◆ What needs to be done:
The listing below is the input. Say how many of its lines contain "project", giving the number alone.

(Data section Opens)

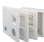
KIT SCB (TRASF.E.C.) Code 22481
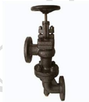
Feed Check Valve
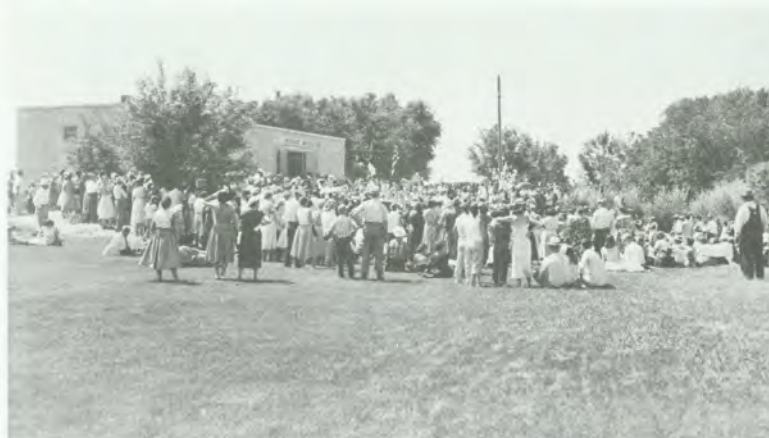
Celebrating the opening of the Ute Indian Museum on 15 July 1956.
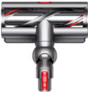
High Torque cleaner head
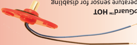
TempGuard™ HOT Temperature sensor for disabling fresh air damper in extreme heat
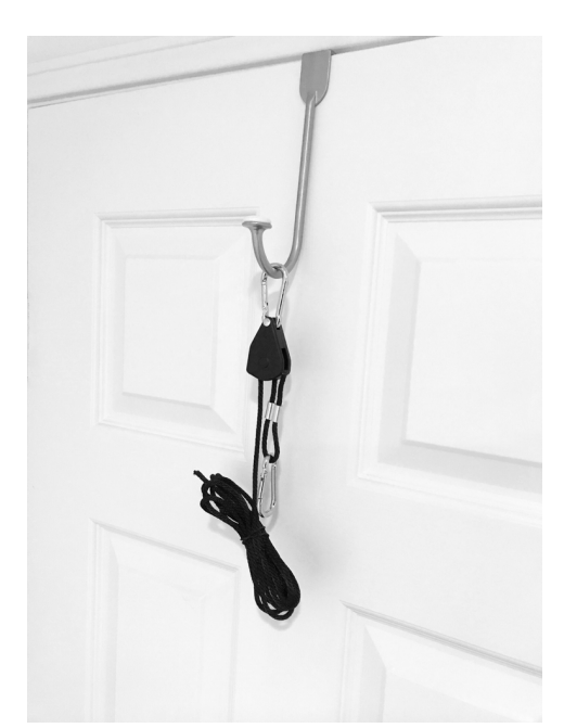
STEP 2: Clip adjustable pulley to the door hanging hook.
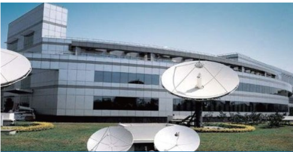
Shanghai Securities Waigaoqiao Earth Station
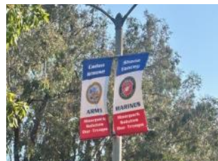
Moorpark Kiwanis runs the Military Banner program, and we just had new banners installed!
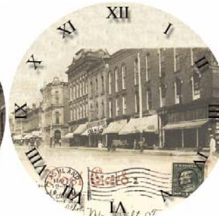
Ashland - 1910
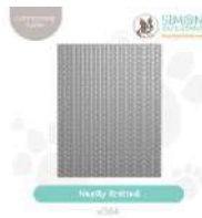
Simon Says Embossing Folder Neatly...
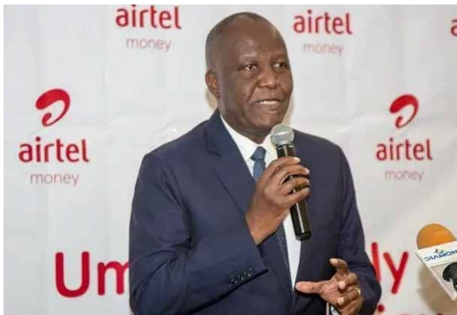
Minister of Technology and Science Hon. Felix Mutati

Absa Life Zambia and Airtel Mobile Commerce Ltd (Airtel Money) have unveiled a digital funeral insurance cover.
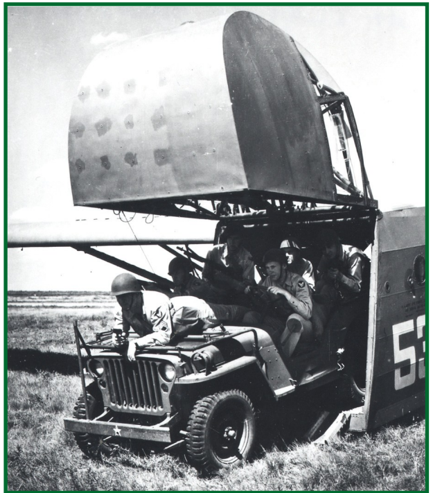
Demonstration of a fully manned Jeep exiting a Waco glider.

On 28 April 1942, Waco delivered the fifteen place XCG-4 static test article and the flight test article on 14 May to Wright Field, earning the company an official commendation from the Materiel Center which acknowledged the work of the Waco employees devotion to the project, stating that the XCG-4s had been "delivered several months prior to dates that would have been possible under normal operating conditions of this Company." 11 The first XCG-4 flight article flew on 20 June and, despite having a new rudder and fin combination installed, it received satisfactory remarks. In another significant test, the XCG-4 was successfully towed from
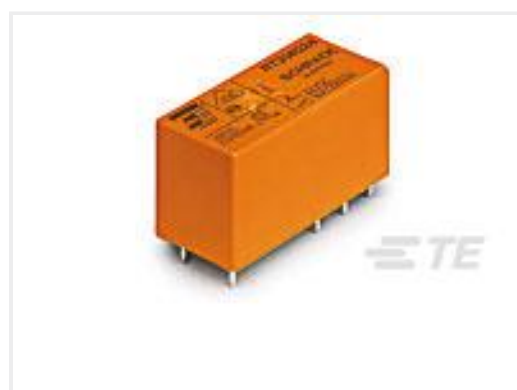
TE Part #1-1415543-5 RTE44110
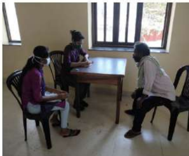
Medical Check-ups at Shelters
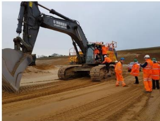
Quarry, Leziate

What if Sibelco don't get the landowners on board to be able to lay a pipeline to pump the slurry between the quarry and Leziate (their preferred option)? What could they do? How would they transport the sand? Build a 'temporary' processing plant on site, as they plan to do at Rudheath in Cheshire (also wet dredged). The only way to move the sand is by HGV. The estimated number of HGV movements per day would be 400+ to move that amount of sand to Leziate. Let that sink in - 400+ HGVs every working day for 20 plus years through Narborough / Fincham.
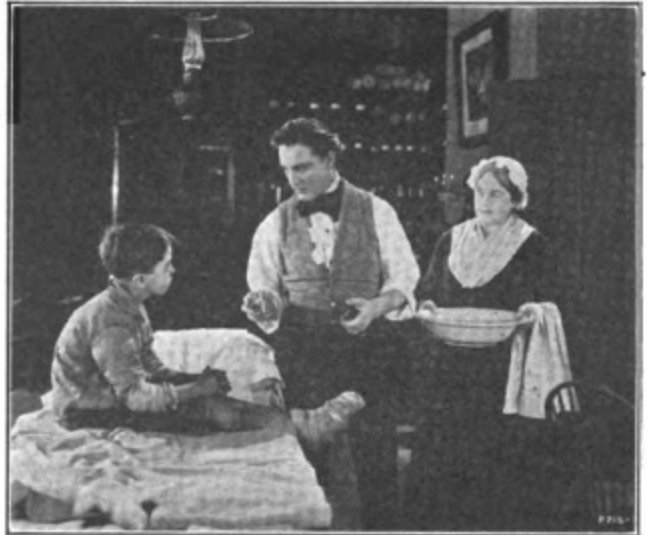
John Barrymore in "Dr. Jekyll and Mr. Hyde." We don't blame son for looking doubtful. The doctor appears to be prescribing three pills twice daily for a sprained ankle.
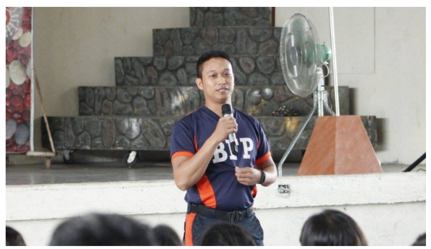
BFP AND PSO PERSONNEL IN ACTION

(Data section Closes)
(Data section Opens)

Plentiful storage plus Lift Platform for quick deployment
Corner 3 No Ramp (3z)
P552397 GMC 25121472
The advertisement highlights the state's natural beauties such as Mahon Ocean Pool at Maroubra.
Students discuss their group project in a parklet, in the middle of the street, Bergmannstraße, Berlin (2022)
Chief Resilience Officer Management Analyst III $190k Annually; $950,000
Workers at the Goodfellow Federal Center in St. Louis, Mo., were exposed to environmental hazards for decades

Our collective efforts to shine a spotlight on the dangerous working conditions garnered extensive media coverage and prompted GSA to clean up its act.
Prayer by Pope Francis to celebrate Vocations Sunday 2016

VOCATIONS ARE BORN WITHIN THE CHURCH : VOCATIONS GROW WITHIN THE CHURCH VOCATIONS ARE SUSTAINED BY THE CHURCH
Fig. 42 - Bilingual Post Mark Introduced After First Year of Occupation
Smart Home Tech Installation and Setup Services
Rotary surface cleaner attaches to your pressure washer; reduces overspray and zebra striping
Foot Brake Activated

(Data section Closes)
(Data section Opens)

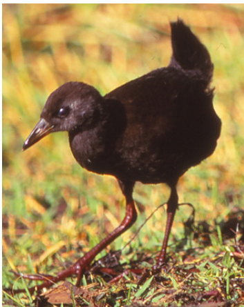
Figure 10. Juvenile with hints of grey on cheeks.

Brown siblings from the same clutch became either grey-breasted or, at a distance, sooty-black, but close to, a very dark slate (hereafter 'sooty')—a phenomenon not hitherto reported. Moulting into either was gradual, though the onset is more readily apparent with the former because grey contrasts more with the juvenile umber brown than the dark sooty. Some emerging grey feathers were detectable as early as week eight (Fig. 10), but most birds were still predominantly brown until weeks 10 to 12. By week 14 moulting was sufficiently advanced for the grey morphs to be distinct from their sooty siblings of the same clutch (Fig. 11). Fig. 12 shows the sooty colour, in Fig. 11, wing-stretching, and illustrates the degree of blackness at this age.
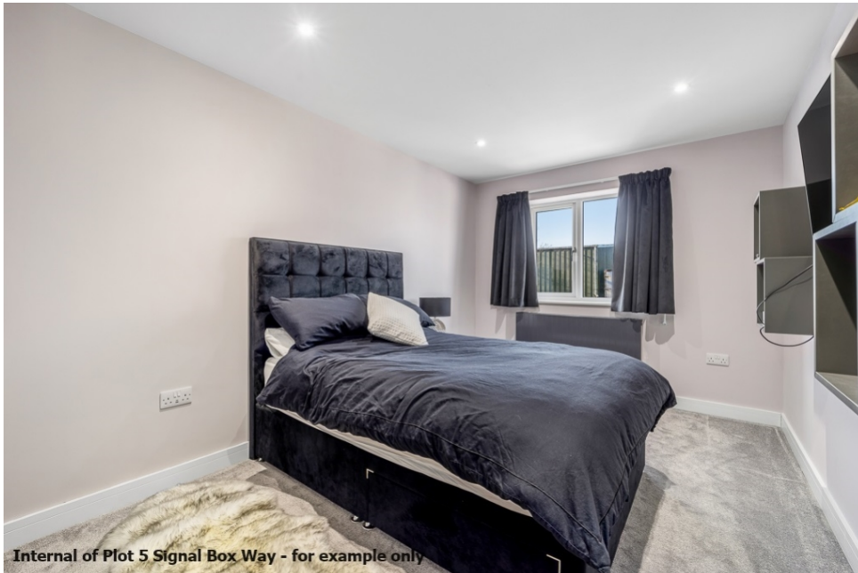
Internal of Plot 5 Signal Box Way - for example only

(Data section Closes)

◆ Output of the exercise:
2